> **Data for review**
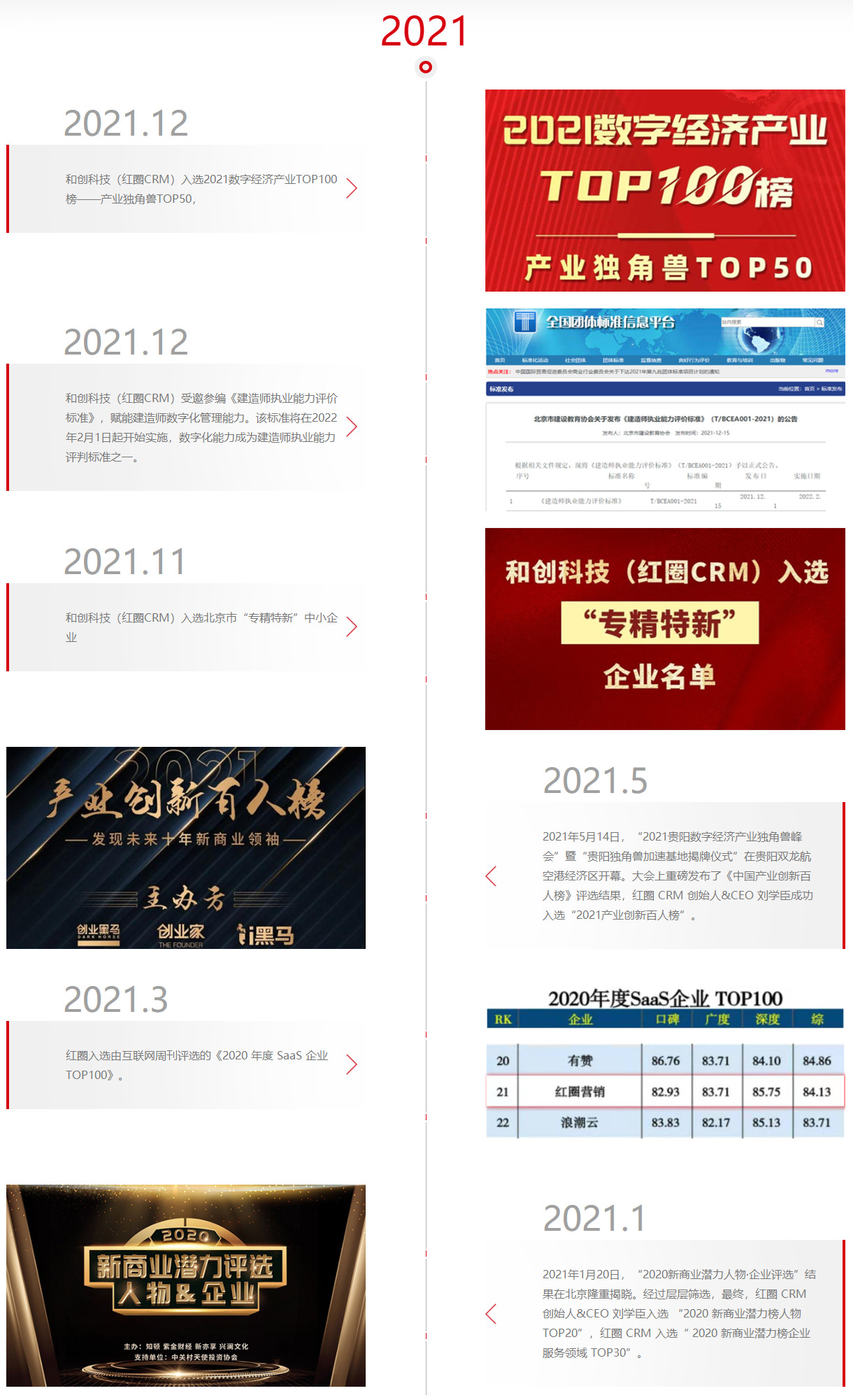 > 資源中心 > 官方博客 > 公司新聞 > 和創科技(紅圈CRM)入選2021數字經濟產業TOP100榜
...
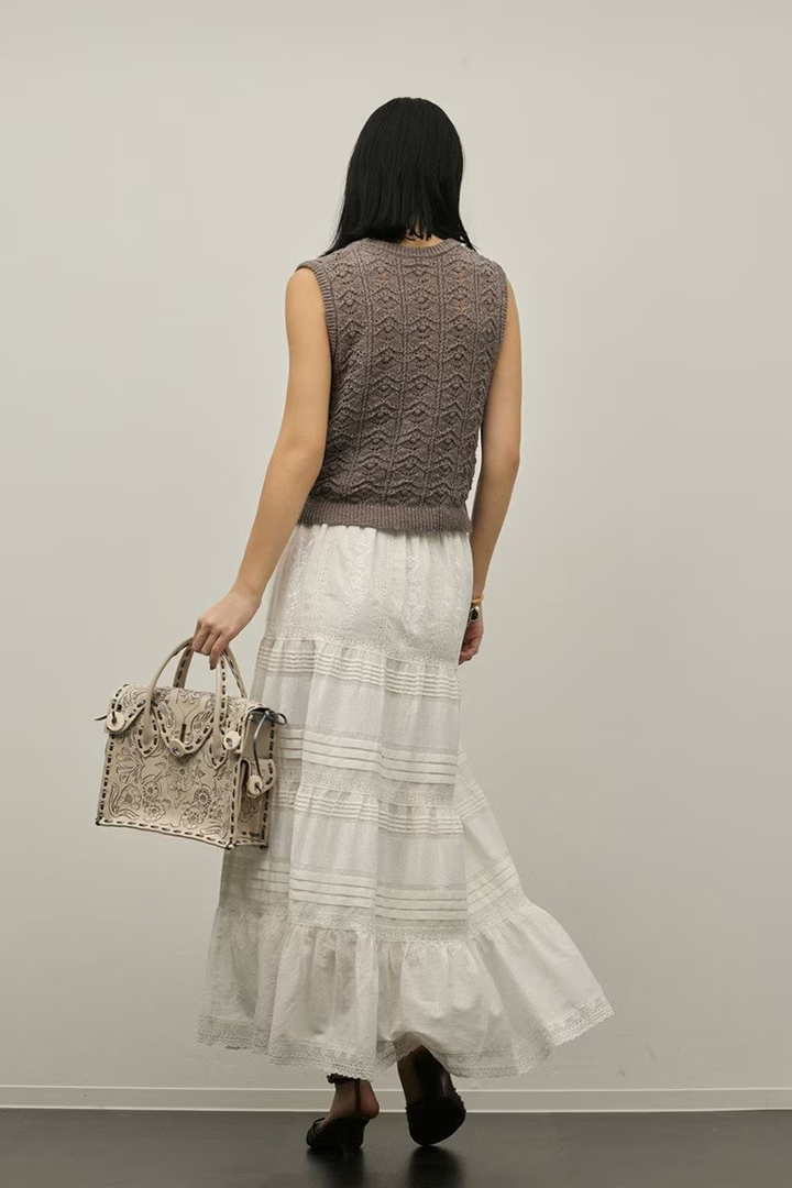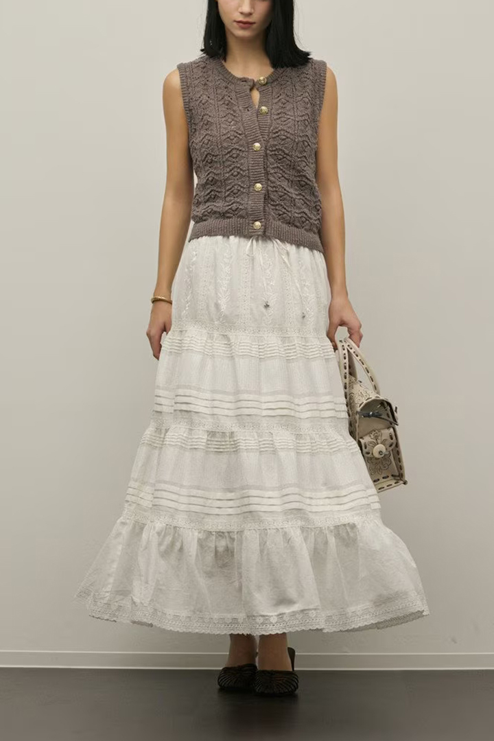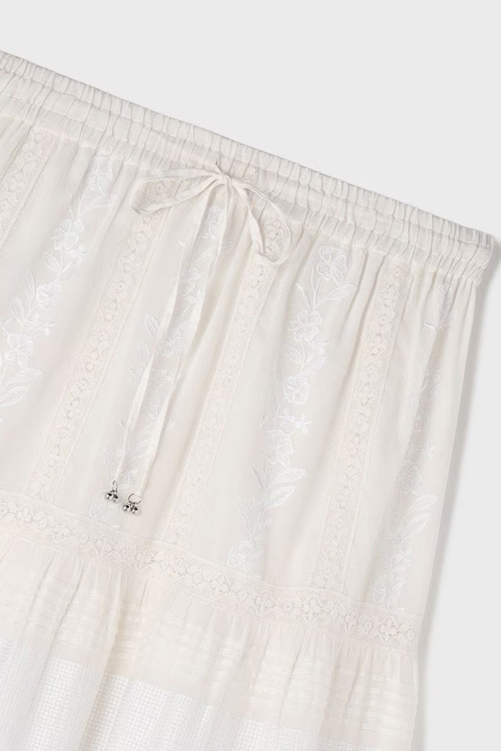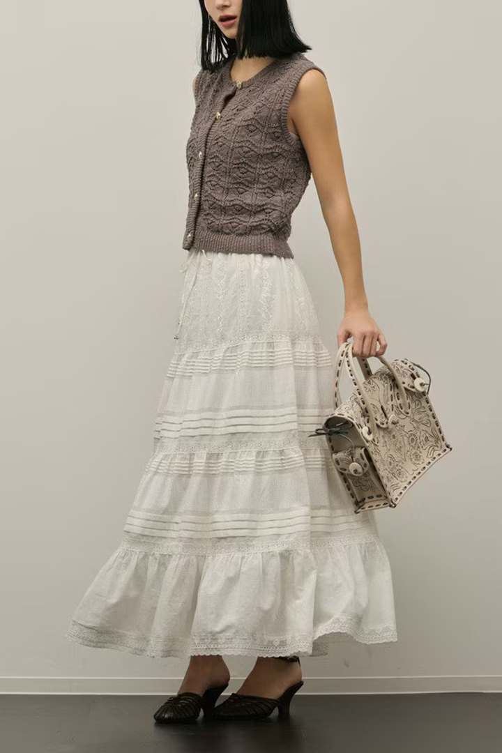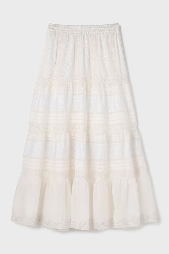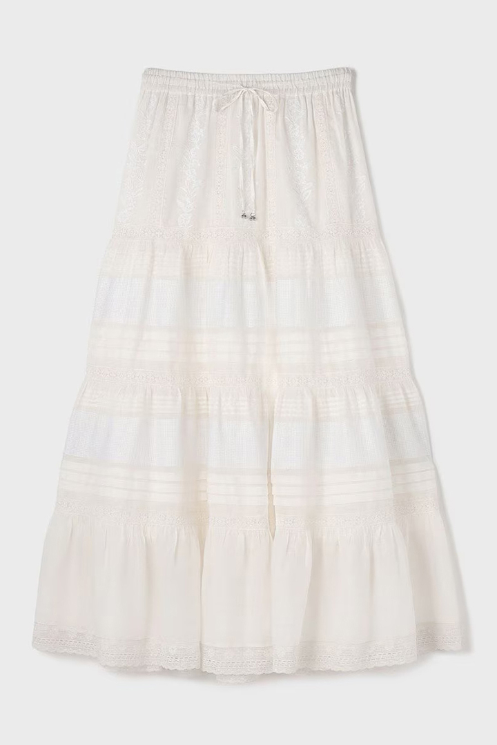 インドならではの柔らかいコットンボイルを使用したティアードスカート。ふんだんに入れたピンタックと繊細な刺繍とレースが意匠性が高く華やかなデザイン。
--
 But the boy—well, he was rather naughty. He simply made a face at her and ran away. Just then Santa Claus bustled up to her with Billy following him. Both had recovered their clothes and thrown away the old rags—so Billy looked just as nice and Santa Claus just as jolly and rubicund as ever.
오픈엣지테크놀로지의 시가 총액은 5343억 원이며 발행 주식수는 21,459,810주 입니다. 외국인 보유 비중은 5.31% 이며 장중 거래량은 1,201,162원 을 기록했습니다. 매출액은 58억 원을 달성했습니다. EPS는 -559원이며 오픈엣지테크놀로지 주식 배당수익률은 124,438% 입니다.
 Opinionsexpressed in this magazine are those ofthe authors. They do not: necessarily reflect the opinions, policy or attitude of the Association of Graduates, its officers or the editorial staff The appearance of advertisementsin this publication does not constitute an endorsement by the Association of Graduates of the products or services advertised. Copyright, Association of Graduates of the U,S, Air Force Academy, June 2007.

> **Task requirements**
Looking at the entries above, can you reproduce exactly the lines from the one that holds "But the boy—well, he" through the one that holds "Opinionsexpressed in this", and only those?

> **Answer box**
 But the boy—well, he was rather naughty. He simply made a face at her and ran away. Just then Santa Claus bustled up to her with Billy following him. Both had recovered their clothes and thrown away the old rags—so Billy looked just as nice and Santa Claus just as jolly and rubicund as ever.
오픈엣지테크놀로지의 시가 총액은 5343억 원이며 발행 주식수는 21,459,810주 입니다. 외국인 보유 비중은 5.31% 이며 장중 거래량은 1,201,162원 을 기록했습니다. 매출액은 58억 원을 달성했습니다. EPS는 -559원이며 오픈엣지테크놀로지 주식 배당수익률은 124,438% 입니다.
 Opinionsexpressed in this magazine are those ofthe authors. They do not: necessarily reflect the opinions, policy or attitude of the Association of Graduates, its officers or the editorial staff The appearance of advertisementsin this publication does not constitute an endorsement by the Association of Graduates of the products or services advertised. Copyright, Association of Graduates of the U,S, Air Force Academy, June 2007.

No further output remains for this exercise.